Ma la maniglia non fa il suo lavoro.
"Non si apre." afferma tra sé e sé, convincendosi di un difetto della serratura o di una sua incapacità in un'azione così elementare. Thomas finalmente schioda i piedi dal pavimento e placido la raggiunge con espressione accigliata. Sembra così innocuo... perché allora Jane diventa pasta frolla quando le sfiora la mano per aiutarla?
"Strano." afferma lui constatando il problema.
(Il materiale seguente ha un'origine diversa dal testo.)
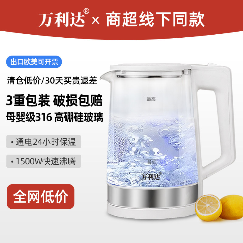 万利达316钢玻璃电热烧水壶家用大容量新款办公室全自动保温一体
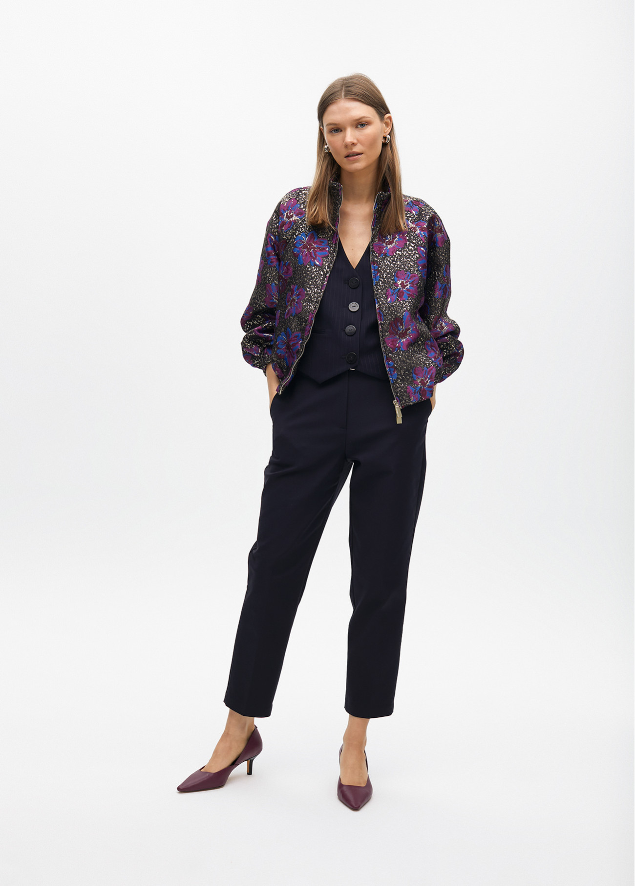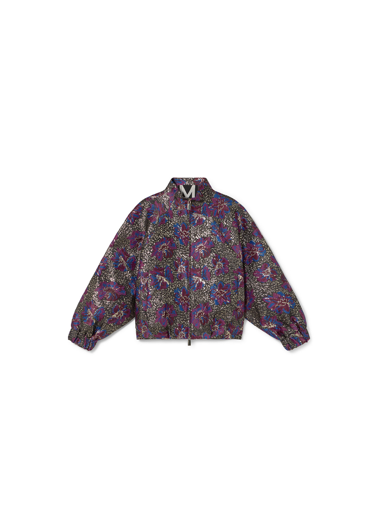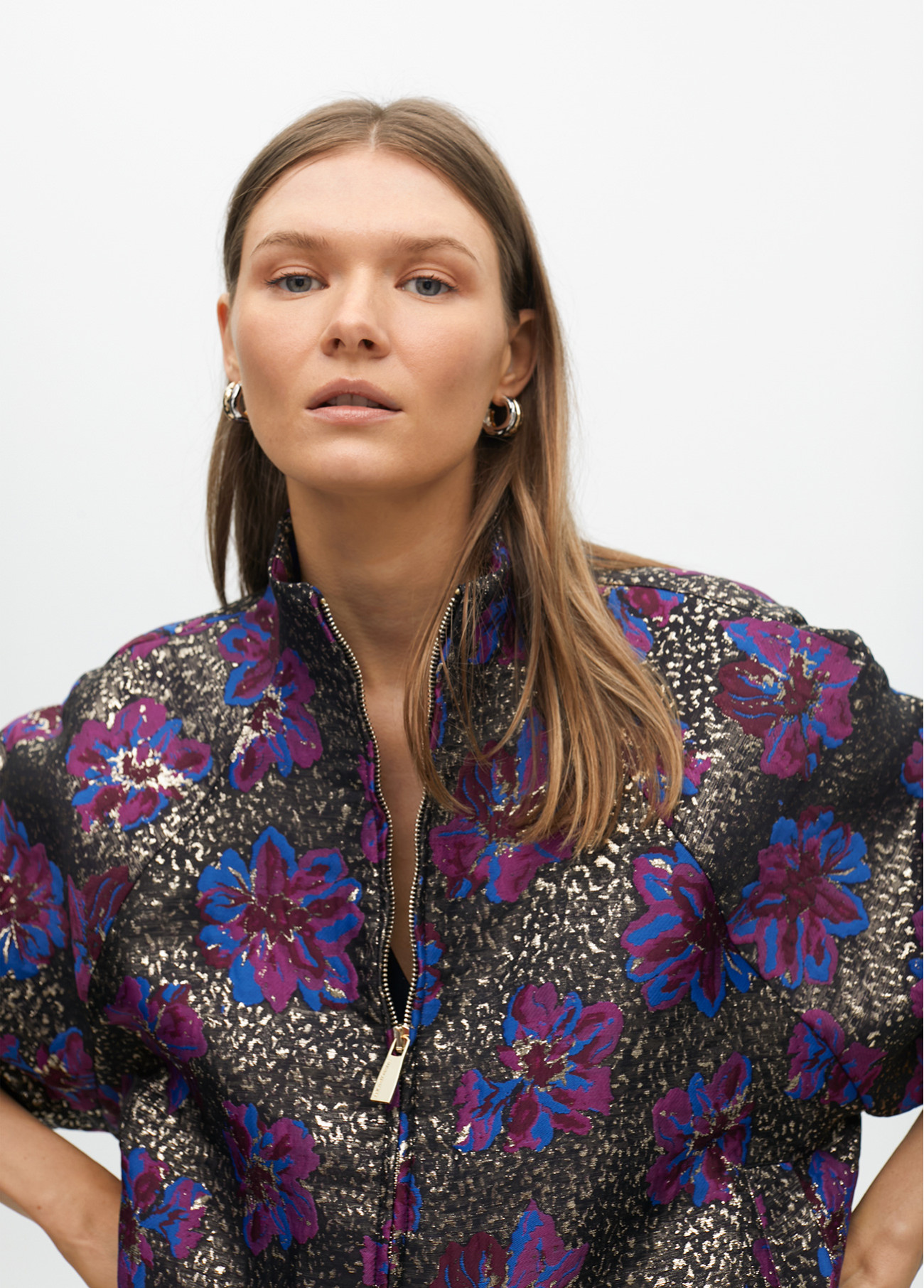 Bomber en tejido jaquard con estampado floral metalizado. Cierre de cremallera y cuello elevado. Mangas largas con puños elásticos, ideal para un toque chic y moderno.

Jane si fa minuscola, intrappolata nell'angolo della stanza in attesa di esser liberata. Le sue guance hanno preso il colore dei capelli; dinanzi a quella montagna di muscoli tesi non può far altro che desiderare di scomparire. E sebbene per qualche secondo sembri farlo davvero, quando gli occhi di Thomas incrociano i suoi si sente violentemente risputata nel mondo reale.
"Potrei scendere dal terrazzo, come nei film." propone Jane facendolo ridere sotto i baffi.
"Ti faccio così paura?"
"No, nossignore!" si affretta a mettere in chiaro le cose, mentendo spudoratamente, incapace anche solo di ricambiare il suo sguardo. "Lei è molto buono con me, non mi fa paura."
"Allora perché tremi?"
La domanda viene posta con un mormorio; il timbro è talmente basso da assomigliare alla minaccia di un orso. Jane confonde per un secondo la paura con il desiderio, recupera il fiato con una boccata d'aria improvvisa e infine risponde con un filo di voce. "Non lo so."
È forse proprio quella reazione a spingere Thomas verso di lei. Già intrappolata come un topolino spaventato, l'orso posa la sua grossa zampa sul viso della ragazza e, ancor prima che lei comprenda cosa stia accadendo, il predatore l'assale.
Le fauci affamate divorano le carnose labbra color ciliegia. Le esili braccia di Jane tentano di spinger via la montagna, ma è troppo tardi. Thomas diviene irremovibile, ne deride gli sforzi costringendo la schiena della ragazza contro il muro con estrema facilità. E Jane non può far a meno di subire la sua furia. Minuscola e schiacciata tra due presse, viene persino innocentemente coinvolta dal trasporto dell'aguzzino. Decide che se non avesse avuto modo di fuggire, tanto valeva assecondarlo per non sentir dolore. È così che crede funzioni, si obbliga in ogni modo possibile a farsi piacere quelle attenzioni e Thomas fa il fatale errore di crederle quando, una volta dentro di lei, non la sente dimenarsi. Lo desidera almeno quanto te, gli ripete la voce nella sua testa: i gemiti che sfuggono tra denti e labbro non possono esser che di piacere, gli occhi serrati e il mento sollevato, le unghie affondate nella carne dell'uomo, sono tutti segnali positivi. Persino quella lacrima che riga la guancia arrossata, dev'essere sintomo di gioia.